= Meg Gill =

American entrepreneur and brewer (born 1985)

Margaret "Meg" Gill (born February 21, 1985) is an American entrepreneur and brewing executive. She co-founded Golden Road Brewing which became the largest craft brewery in Los Angeles County before its acquisition by AB InBev. Since 2020, Gill has served as vice president of marketing for Anheuser-Busch's craft beer division, the Brewers Collective. She hosted the Vice documentary series Beerland from 2017 to 2018.

== Early life and education ==
Gill grew up in Virginia, the youngest of three children. She attended Yale University, where she captained the women's swim team and set an Ivy League record with a 22.26-second freestyle relay leg. She graduated in 2007.

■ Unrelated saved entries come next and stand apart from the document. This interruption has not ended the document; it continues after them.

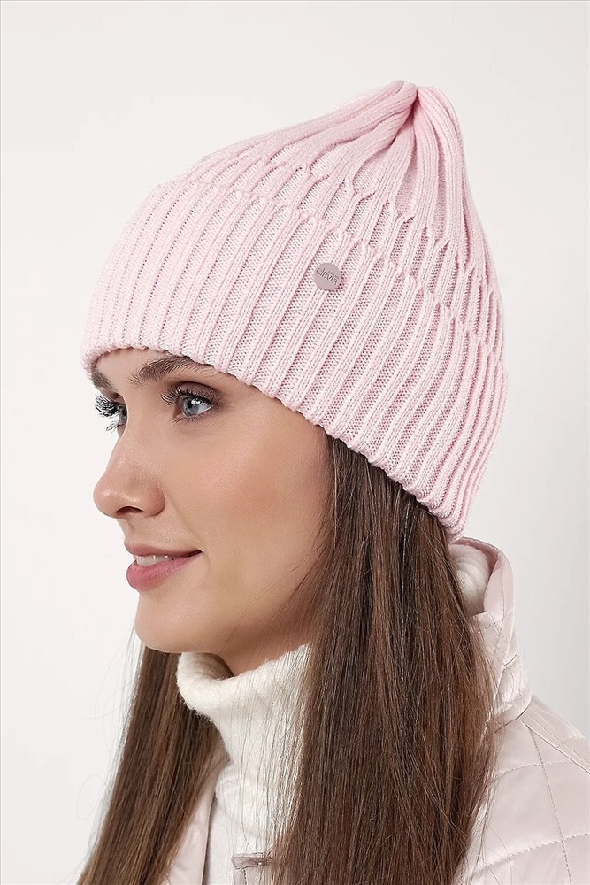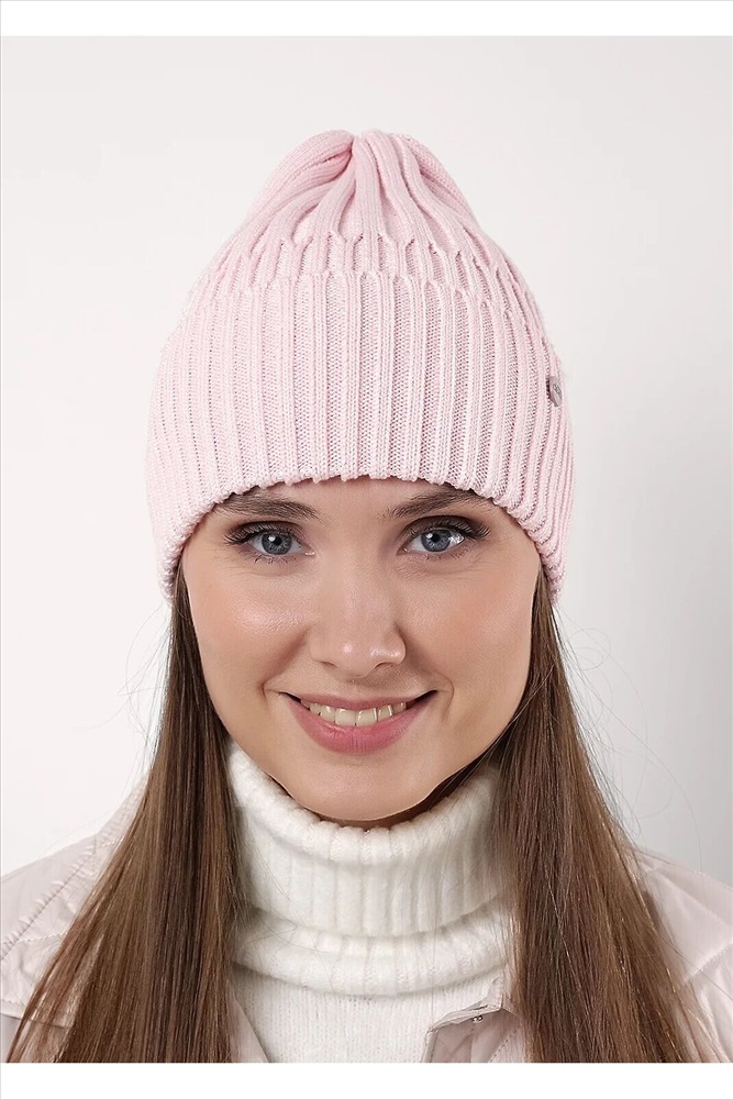 Женская шапка однослойная с отворотом, без подклада, декорирована стильной нашивкой. Изготовленная из хлопка. Идеальный вариант на осень, весну.
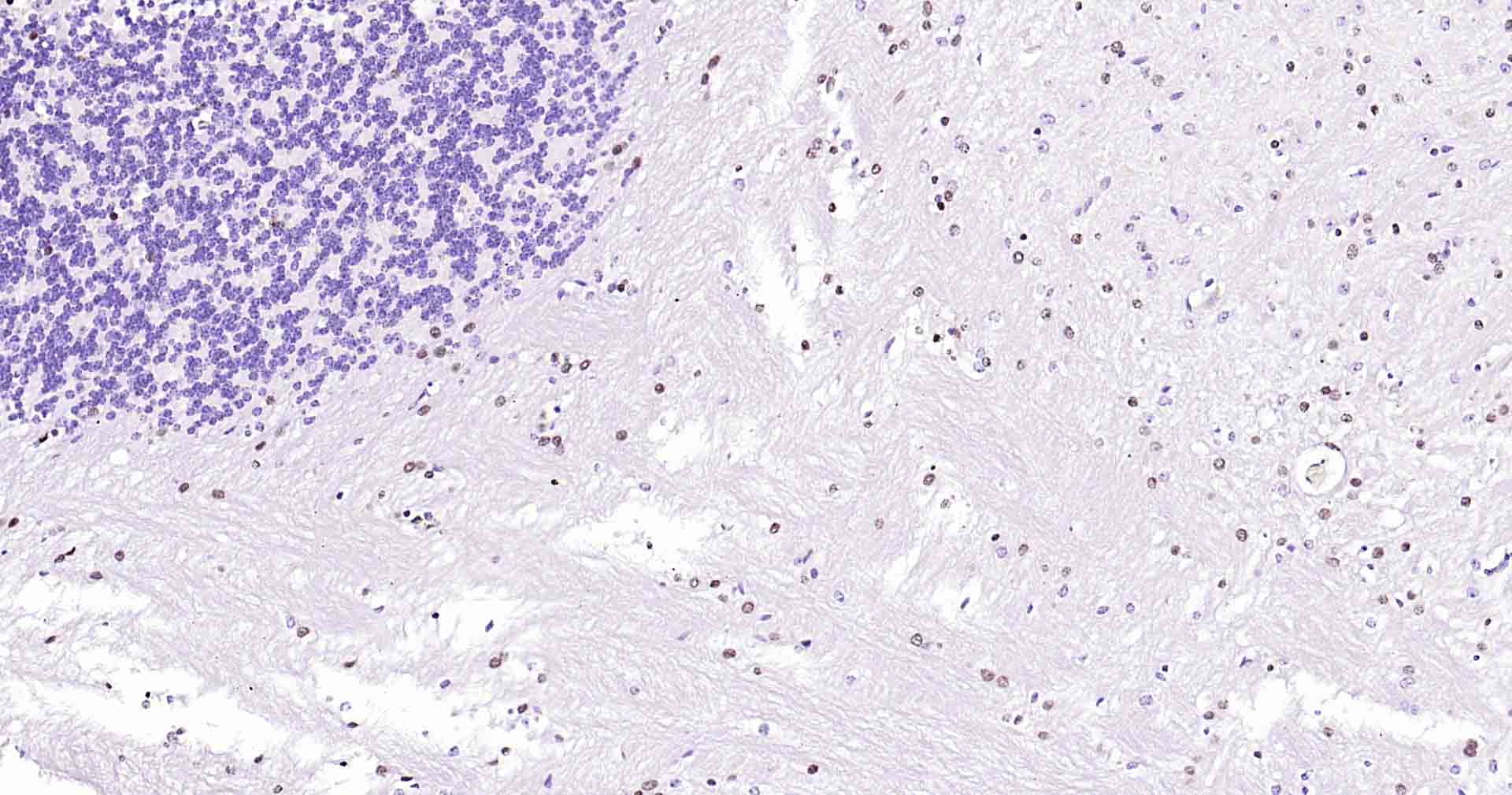 Paraformaldehyde-fixed, paraffin embedded Mouse Cerebellum; Antigen retrieval by boiling in sodium citrate buffer (pH6.0) for 15 min; Antibody incubation with SOX10 Monoclonal Antibody, Unconjugated(bsm-52229R) at 1:200 overnight at 4°C, followed by conjugation to the SP Kit(Rabbit, SP-0023) and DAB (C-0010) staining.
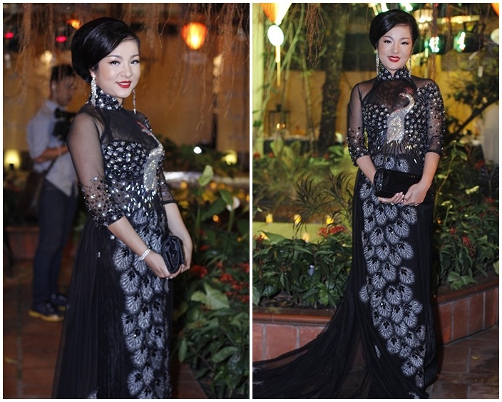 Danh hài Thúy Nga cũng có tên trong danh sách sao xấu tuần này với bộ áo dài truyền thống có quá nhiều chi tiết rườm rà rối mắt.
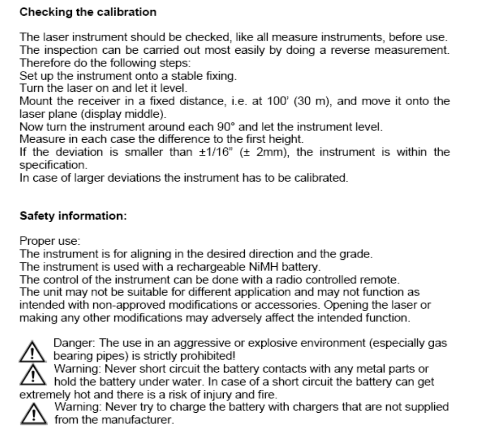 laser on and let it level. Mount the receiver in a fixed distance, i.e. at 100’ (30 m),
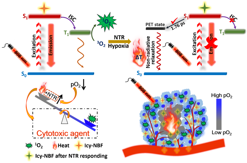 精细化工国家重点实验室樊江莉教授团队提出了一种新颖的策略,开发了一例基于氧气含量调节激发态失活过程的近红外光敏剂(Icy-NBF)。肿瘤氧气含量的降低会诱导细胞内硝基还原酶的表达增多,Icy-NBF会与硝基还原酶(NTR)发生特异性响应,含芳硝基的基团经还原后脱除,得到分子Icy-NH2(整个过程如图1所示)。在整个催化还原过程中,光敏剂的激发态失活过程也发生了变化。对于光敏剂(Icy-NBF),在808 nm光照射下,激发态失活过程为辐射跃迁和与氧气的能量转移。对于Icy-NH2,激发态失活过程主要归因于光诱导电子转移引起的非辐射弛豫。由此,光敏剂Icy-NBF可以在肿瘤有氧处进行氧气敏化产生的单线态氧进行光动力治疗,也可在乏氧处转化为Icy-NH2,对乏氧肿瘤进行不需要氧气的光热治疗。与FDA批准的临床光敏剂ICG相比,Icy-NBF从氧气敏化和光热转换两方面均提高了对光子的利用。在细胞光疗评估中对有氧和乏氧癌细胞均表现出优异的抗癌效果,并最终在肿瘤活体治疗中,将肿瘤完全抑制甚至消除。这项研究为未来开发高效光子利用的光疗用光敏剂提供了具有指导性的分子设计策略。
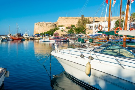 KYRENIA, CYPRUS - MARCH 22, 2013 - Scenic view of historic harbour and the old town in Kyrenia Girne on the Island of Cyprus, March 22, 2013 The Turkish army reached Kyrenia on 22 July 1974

She became interested in craft brewing while training for the Olympic trials in swimming after she met Dale Katechis, owner of Oskar Blues Brewery in Lyons, Colorado. Injuries following an automobile accident ended her Olympic trials bid and accelerated her move into the brewing industry.

==Career==
Gill co-founded Golden Road Brewery in Atwater Village with restauranteur Tony Yanow in 2011. The brewery became the largest craft brewery producer in Los Angeles County. In 2014, Gill was named to the Forbes "30 Under 30" list in the food and wine category. In 2015, Anheuser-Busch InBev announced it would acquire Golden Road for an undisclosed sum, their fifth craft brewery acquisition in five years.

In July 2020, Anheuser-Busch named Gill vice president of marketing for its craft beer division, the Brewers Collective, where she oversees marketing for thirteen popular craft breweries including Goose Island, Elysian, and others.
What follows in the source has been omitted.